## Work order
Reproduce the data that follows character for character, but omit its pictures.

## Entries shown
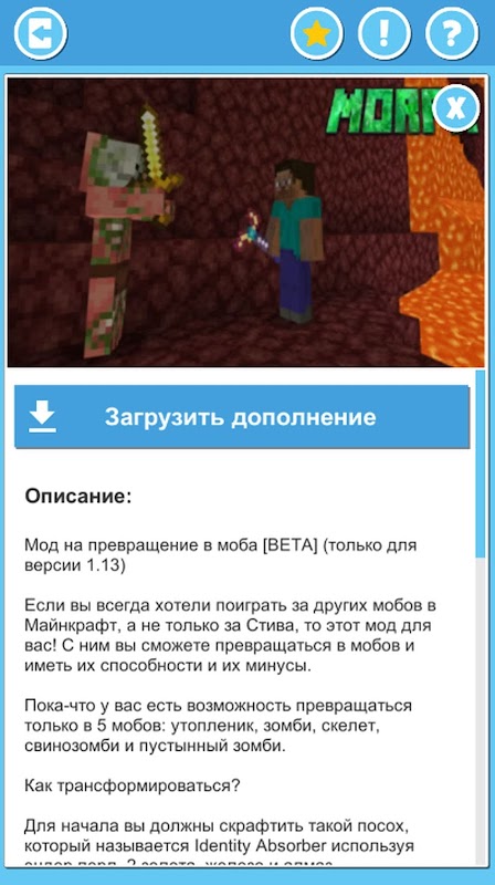জনগণের 1.12.2 এ পরিবর্তনের জন্য মোড সংযোজন সহ একটি আনুষ্ঠানিক অ্যাপ্লিকেশন। এই অ্যাপ্লিকেশনটি কোনওভাবেই মূল গেমটির বিকাশকারীদের সাথে সম্পর্কিত নয় যার জন্য তারা উদ্দেশ্য করে।
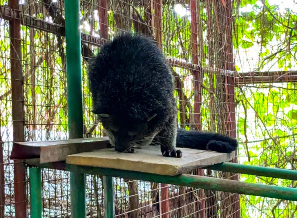 まるで「アライグマの黒バージョン」のような見た目で、ビントロング(Binturong)という珍しい動物でした。
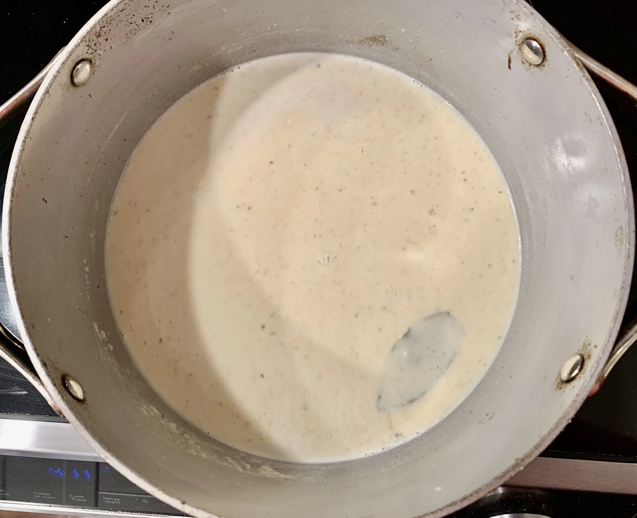 Continue to whisk as the liquid with thicken. Add the miso paste, nutmeg, bay leaf and nutritional yeast. Taste for salt and adjust accordingly.
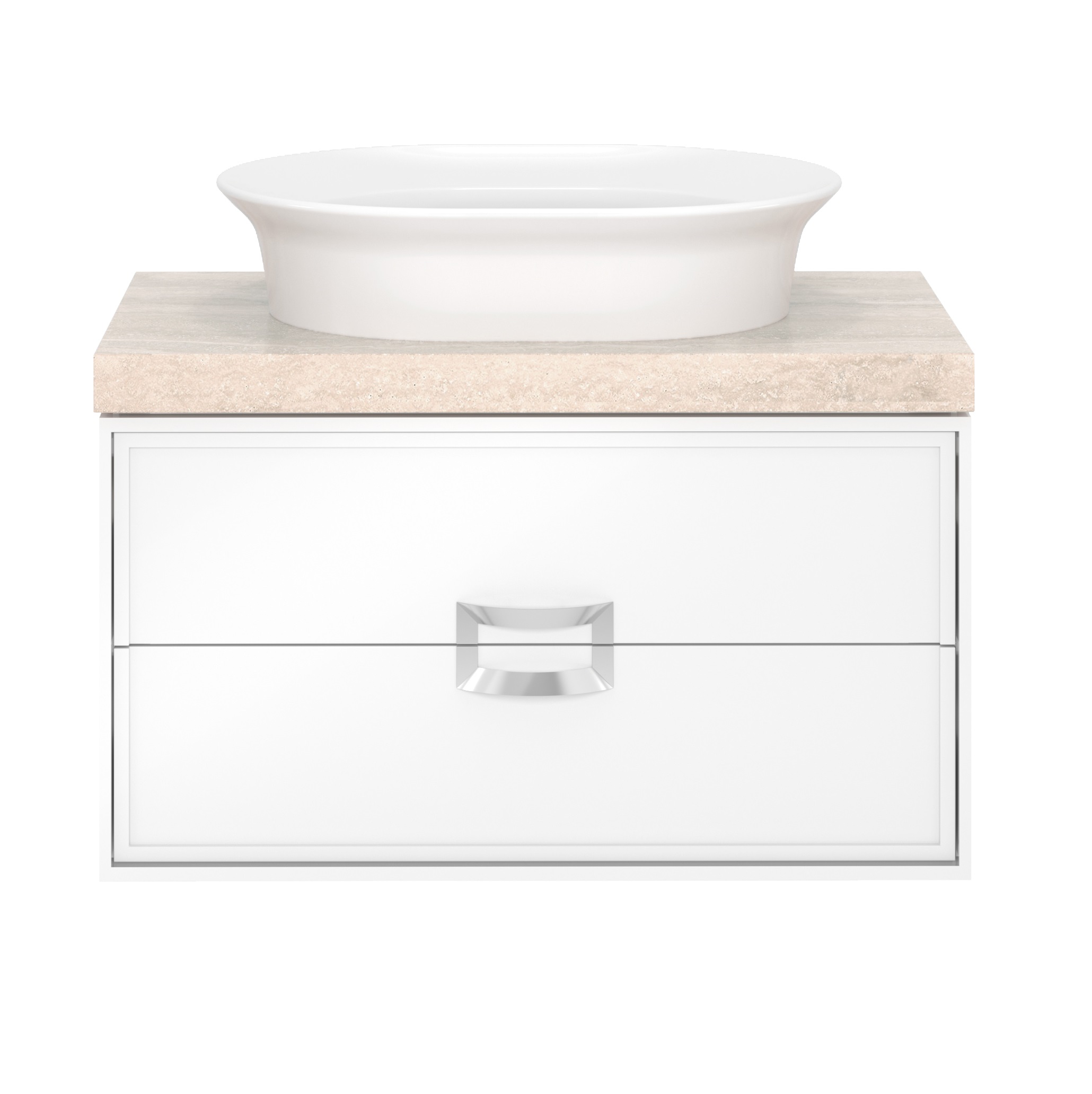 Белая матовая подвесная тумба с двумя выдвижными ящиками. Ящики закрываются плавно и бесшумно. Для тумбы предусмотрена керамическая столешница с эффектом необработанного или полированного камня. Сочетается с накладными раковинами CANALETTO и BUONGIORNO. Изделия из ДСП, МДФ, а также изделия из металла требуют правильного ухода и эксплуатации. При установке и дальнейшей эксплуатации изделий, следует обратить внимание на их расположение в ванной комнате: они должны быть установлены вдали от источников тепла; температура воздуха в помещении должна быть в пределах +2 — +25 °С, а влажность воздуха не должна превышать 45%-70%. Во избежание появления пятен, отслоения облицовки и коррозии металла, не допускать скопления воды и жидкостей на поверхностях изделий и как можно скорее протереть сухой мягкой тканью участок, контактирующий с жидкостью. Соблюдайте правила ухода за изделиями из металла и они прослужат Вам очень долго.
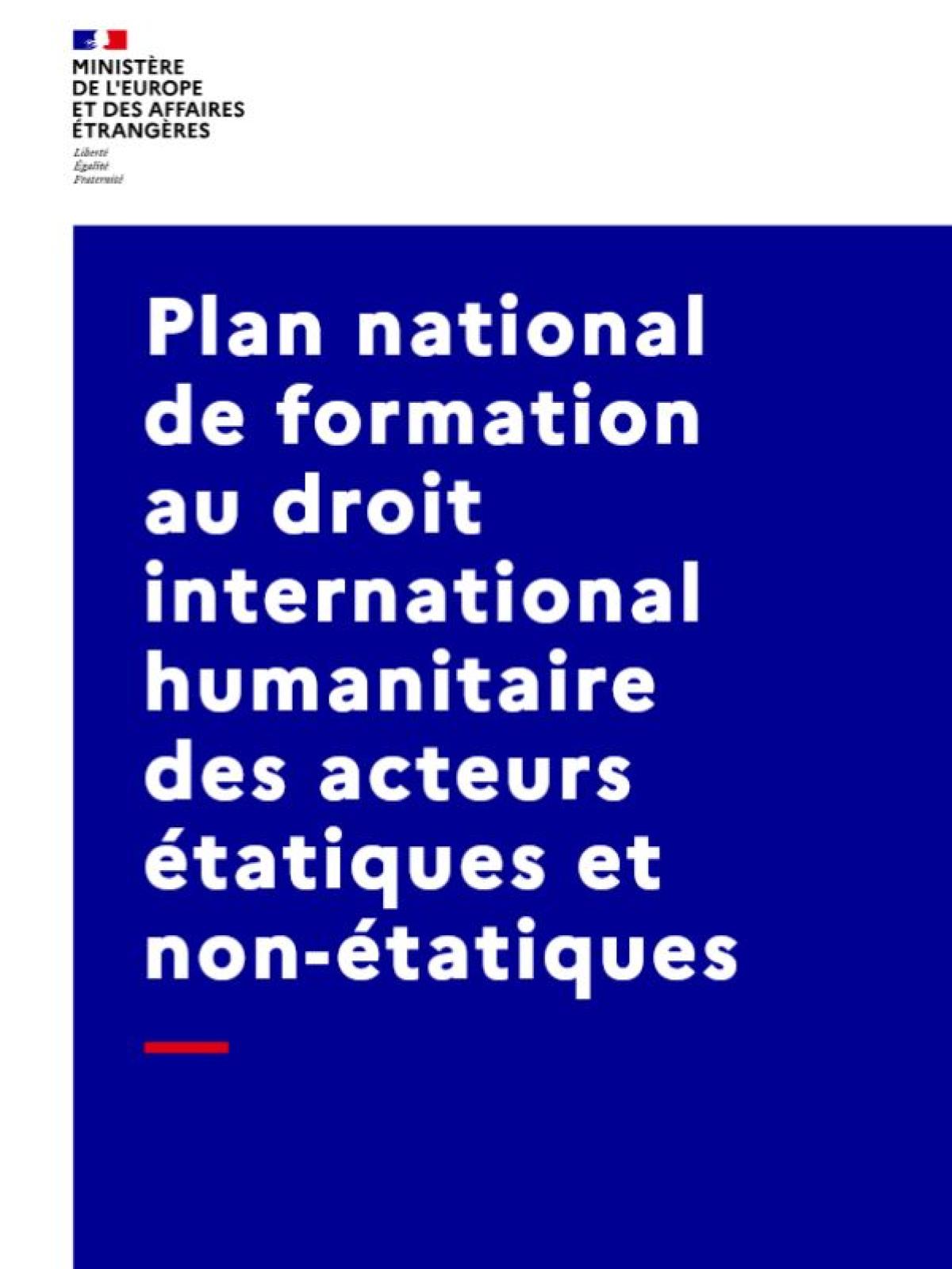Plan national de formation au droit international humanitaire Action humanitaire Date de publication : 21 novembre 2025 Dernière mise à jour le : 20 mars 2026 Le Plan national de formation au droit international humanitaire, rédigé par le ministère de l’Europe et des Affaires étrangères en étroite consultation avec plusieurs ministères et des acteurs de la société civile, est un outil majeur de promotion du droit international humanitaire (DIH). Le Plan prévoit de renforcer la formation au DIH des acteurs étatiques français (y compris diplomates et militaires) qui sont amenés à traiter de ces questions. Il vise également à présenter et à renforcer les formations au DIH dispensées par la France à l’intention des forces armées partenaires mais aussi des ONG et des grandes entreprises françaises intéressées. S’inscrivant dans le cadre de l’Appel à l’action humanitaire, lancé par la France et l’Allemagne en septembre 2019, il constitue une déclinaison concrète de l’engagement de la France sur les questions humanitaires. Plan national de formation au droit international humanitaire Télécharger le Plan national de formation au droit international humanitaire JPG - 52.7 KB

## Written answer
জনগণের 1.12.2 এ পরিবর্তনের জন্য মোড সংযোজন সহ একটি আনুষ্ঠানিক অ্যাপ্লিকেশন। এই অ্যাপ্লিকেশনটি কোনওভাবেই মূল গেমটির বিকাশকারীদের সাথে সম্পর্কিত নয় যার জন্য তারা উদ্দেশ্য করে।
 まるで「アライグマの黒バージョン」のような見た目で、ビントロング(Binturong)という珍しい動物でした。
 Continue to whisk as the liquid with thicken. Add the miso paste, nutmeg, bay leaf and nutritional yeast. Taste for salt and adjust accordingly.
 Белая матовая подвесная тумба с двумя выдвижными ящиками. Ящики закрываются плавно и бесшумно. Для тумбы предусмотрена керамическая столешница с эффектом необработанного или полированного камня. Сочетается с накладными раковинами CANALETTO и BUONGIORNO. Изделия из ДСП, МДФ, а также изделия из металла требуют правильного ухода и эксплуатации. При установке и дальнейшей эксплуатации изделий, следует обратить внимание на их расположение в ванной комнате: они должны быть установлены вдали от источников тепла; температура воздуха в помещении должна быть в пределах +2 — +25 °С, а влажность воздуха не должна превышать 45%-70%. Во избежание появления пятен, отслоения облицовки и коррозии металла, не допускать скопления воды и жидкостей на поверхностях изделий и как можно скорее протереть сухой мягкой тканью участок, контактирующий с жидкостью. Соблюдайте правила ухода за изделиями из металла и они прослужат Вам очень долго.
Plan national de formation au droit international humanitaire Action humanitaire Date de publication : 21 novembre 2025 Dernière mise à jour le : 20 mars 2026 Le Plan national de formation au droit international humanitaire, rédigé par le ministère de l’Europe et des Affaires étrangères en étroite consultation avec plusieurs ministères et des acteurs de la société civile, est un outil majeur de promotion du droit international humanitaire (DIH). Le Plan prévoit de renforcer la formation au DIH des acteurs étatiques français (y compris diplomates et militaires) qui sont amenés à traiter de ces questions. Il vise également à présenter et à renforcer les formations au DIH dispensées par la France à l’intention des forces armées partenaires mais aussi des ONG et des grandes entreprises françaises intéressées. S’inscrivant dans le cadre de l’Appel à l’action humanitaire, lancé par la France et l’Allemagne en septembre 2019, il constitue une déclinaison concrète de l’engagement de la France sur les questions humanitaires. Plan national de formation au droit international humanitaire Télécharger le Plan national de formation au droit international humanitaire JPG - 52.7 KB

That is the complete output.